(TASK OBJECTIVE): Beginning with the line below that contains "The VIGO Single" and ending with the line that contains "De Sigma drukplaten", retype every line exactly. Pictures are not copied.

++++ DATA SHOWN ++++

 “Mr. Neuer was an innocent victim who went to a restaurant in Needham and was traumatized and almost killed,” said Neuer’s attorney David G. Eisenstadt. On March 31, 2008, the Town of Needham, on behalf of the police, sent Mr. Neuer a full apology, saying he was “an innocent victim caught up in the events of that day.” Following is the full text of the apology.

++++
++++ DATA SHOWN ++++

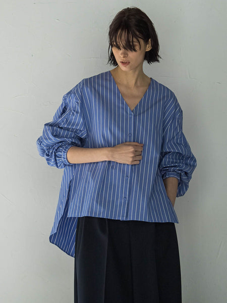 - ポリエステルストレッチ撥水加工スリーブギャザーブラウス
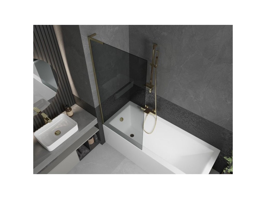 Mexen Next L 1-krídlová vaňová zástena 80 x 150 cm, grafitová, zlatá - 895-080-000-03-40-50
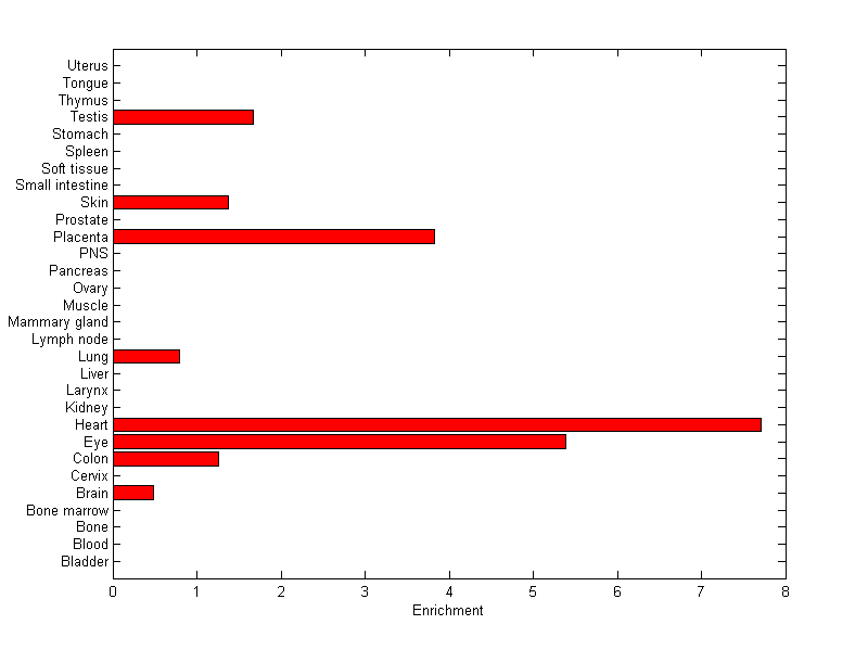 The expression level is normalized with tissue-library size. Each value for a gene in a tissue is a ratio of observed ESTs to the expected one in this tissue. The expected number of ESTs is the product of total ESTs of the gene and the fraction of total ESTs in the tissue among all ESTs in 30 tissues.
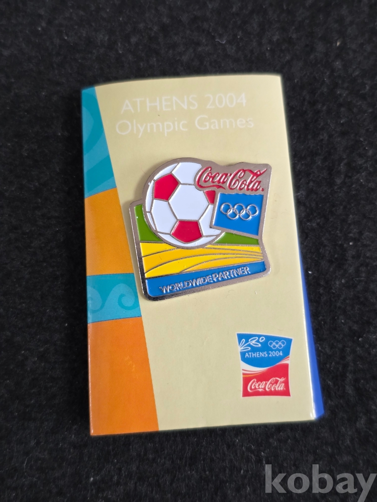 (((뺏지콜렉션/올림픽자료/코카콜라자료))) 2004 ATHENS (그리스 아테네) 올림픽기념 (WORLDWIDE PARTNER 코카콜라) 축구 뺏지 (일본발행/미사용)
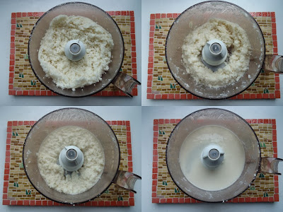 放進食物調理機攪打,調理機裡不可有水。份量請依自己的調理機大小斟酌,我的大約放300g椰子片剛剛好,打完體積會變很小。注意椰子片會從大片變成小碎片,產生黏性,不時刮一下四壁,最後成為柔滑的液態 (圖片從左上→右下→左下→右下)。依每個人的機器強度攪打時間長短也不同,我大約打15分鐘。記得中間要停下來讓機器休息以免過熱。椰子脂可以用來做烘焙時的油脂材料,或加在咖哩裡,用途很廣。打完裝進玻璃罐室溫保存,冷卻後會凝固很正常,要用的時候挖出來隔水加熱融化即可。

++++
++++ DATA SHOWN ++++

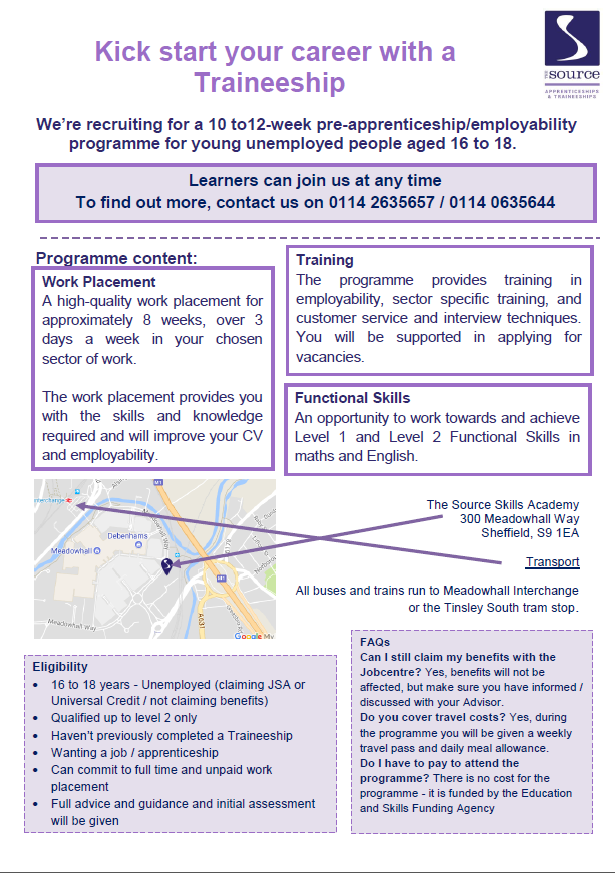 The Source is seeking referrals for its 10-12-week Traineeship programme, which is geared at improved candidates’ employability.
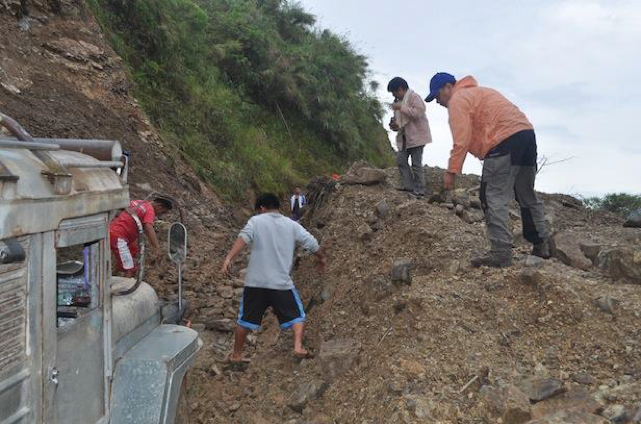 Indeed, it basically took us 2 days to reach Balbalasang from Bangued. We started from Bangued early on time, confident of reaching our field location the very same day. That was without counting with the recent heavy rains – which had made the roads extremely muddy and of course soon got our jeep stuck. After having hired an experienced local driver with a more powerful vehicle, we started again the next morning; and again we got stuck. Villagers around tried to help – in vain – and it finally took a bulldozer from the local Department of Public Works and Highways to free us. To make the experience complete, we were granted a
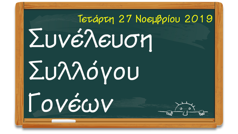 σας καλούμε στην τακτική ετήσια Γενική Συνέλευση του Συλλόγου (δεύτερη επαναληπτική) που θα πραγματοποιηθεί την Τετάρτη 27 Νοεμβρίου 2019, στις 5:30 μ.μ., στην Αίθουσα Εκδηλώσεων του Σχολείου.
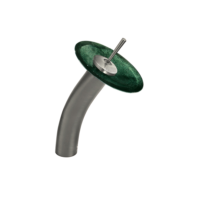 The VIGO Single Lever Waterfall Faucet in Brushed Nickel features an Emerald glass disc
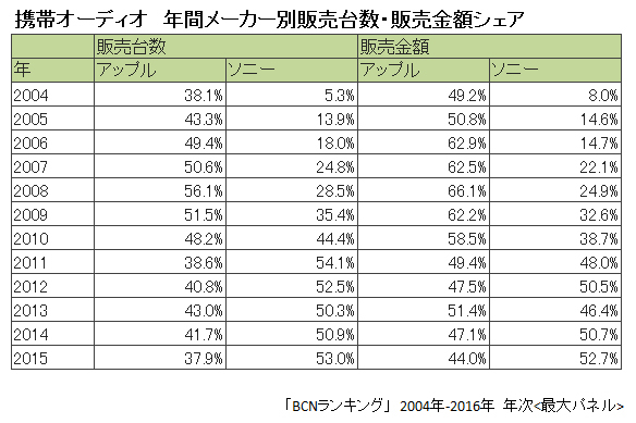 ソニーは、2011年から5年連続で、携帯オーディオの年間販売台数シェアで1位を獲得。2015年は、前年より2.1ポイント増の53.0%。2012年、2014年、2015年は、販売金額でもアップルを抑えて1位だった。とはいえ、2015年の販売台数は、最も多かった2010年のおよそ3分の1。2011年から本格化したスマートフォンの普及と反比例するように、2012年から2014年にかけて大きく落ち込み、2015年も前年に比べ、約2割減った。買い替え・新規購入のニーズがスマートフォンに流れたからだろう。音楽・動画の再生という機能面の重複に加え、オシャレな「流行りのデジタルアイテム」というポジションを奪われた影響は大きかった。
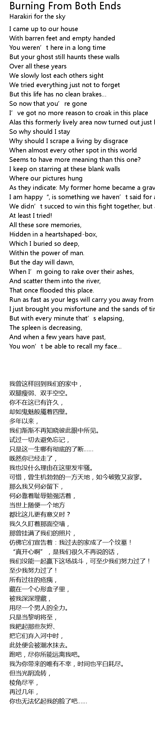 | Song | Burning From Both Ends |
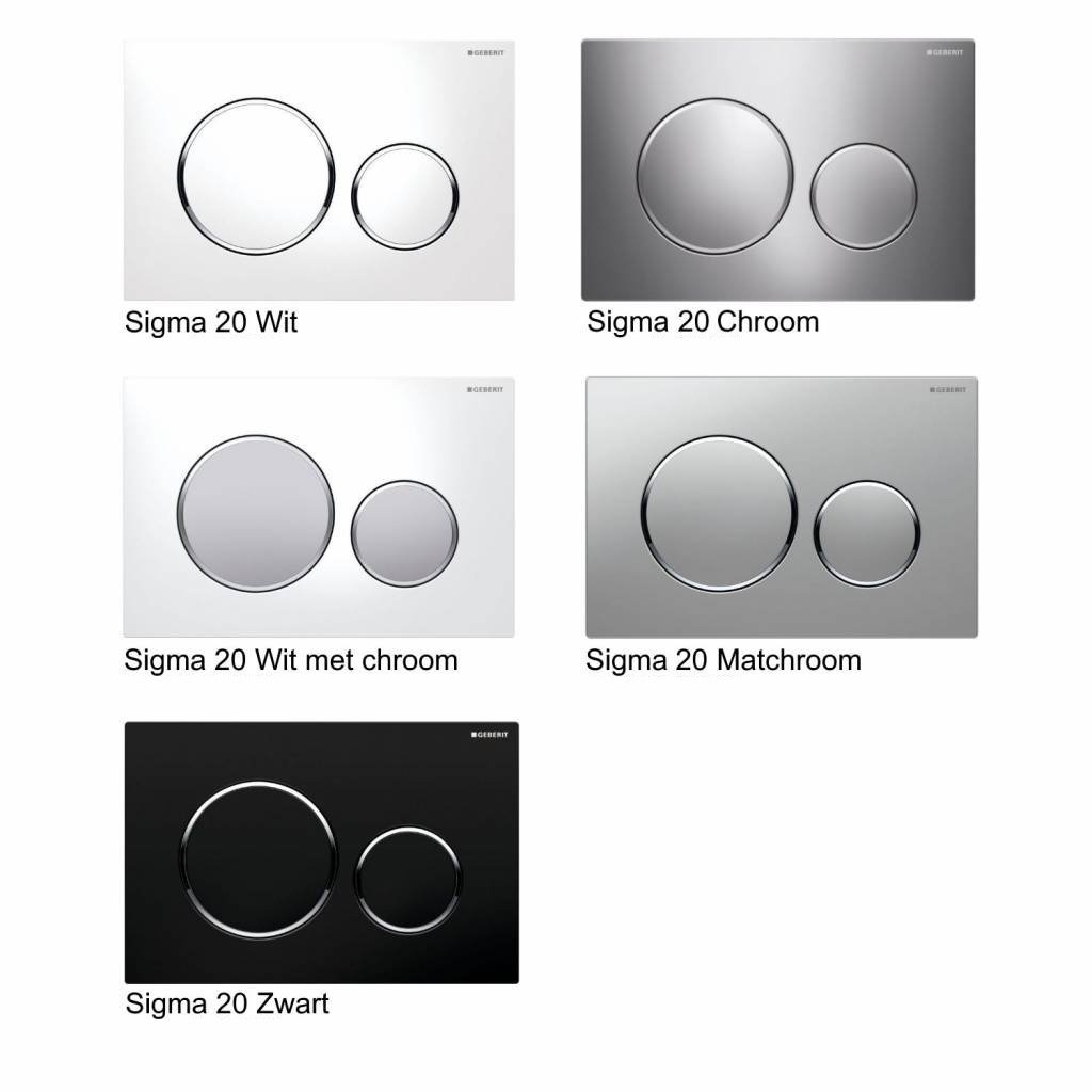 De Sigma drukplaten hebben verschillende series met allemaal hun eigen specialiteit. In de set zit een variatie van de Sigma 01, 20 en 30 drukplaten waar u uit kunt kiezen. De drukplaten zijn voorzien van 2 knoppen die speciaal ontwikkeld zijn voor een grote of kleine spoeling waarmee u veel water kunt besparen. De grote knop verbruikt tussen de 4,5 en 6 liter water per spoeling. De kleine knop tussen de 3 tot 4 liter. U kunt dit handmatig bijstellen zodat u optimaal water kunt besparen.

++++

(RESPONSE FOR THIS EXERCISE):
 The VIGO Single Lever Waterfall Faucet in Brushed Nickel features an Emerald glass disc
 ソニーは、2011年から5年連続で、携帯オーディオの年間販売台数シェアで1位を獲得。2015年は、前年より2.1ポイント増の53.0%。2012年、2014年、2015年は、販売金額でもアップルを抑えて1位だった。とはいえ、2015年の販売台数は、最も多かった2010年のおよそ3分の1。2011年から本格化したスマートフォンの普及と反比例するように、2012年から2014年にかけて大きく落ち込み、2015年も前年に比べ、約2割減った。買い替え・新規購入のニーズがスマートフォンに流れたからだろう。音楽・動画の再生という機能面の重複に加え、オシャレな「流行りのデジタルアイテム」というポジションを奪われた影響は大きかった。
 | Song | Burning From Both Ends |
 De Sigma drukplaten hebben verschillende series met allemaal hun eigen specialiteit. In de set zit een variatie van de Sigma 01, 20 en 30 drukplaten waar u uit kunt kiezen. De drukplaten zijn voorzien van 2 knoppen die speciaal ontwikkeld zijn voor een grote of kleine spoeling waarmee u veel water kunt besparen. De grote knop verbruikt tussen de 4,5 en 6 liter water per spoeling. De kleine knop tussen de 3 tot 4 liter. U kunt dit handmatig bijstellen zodat u optimaal water kunt besparen.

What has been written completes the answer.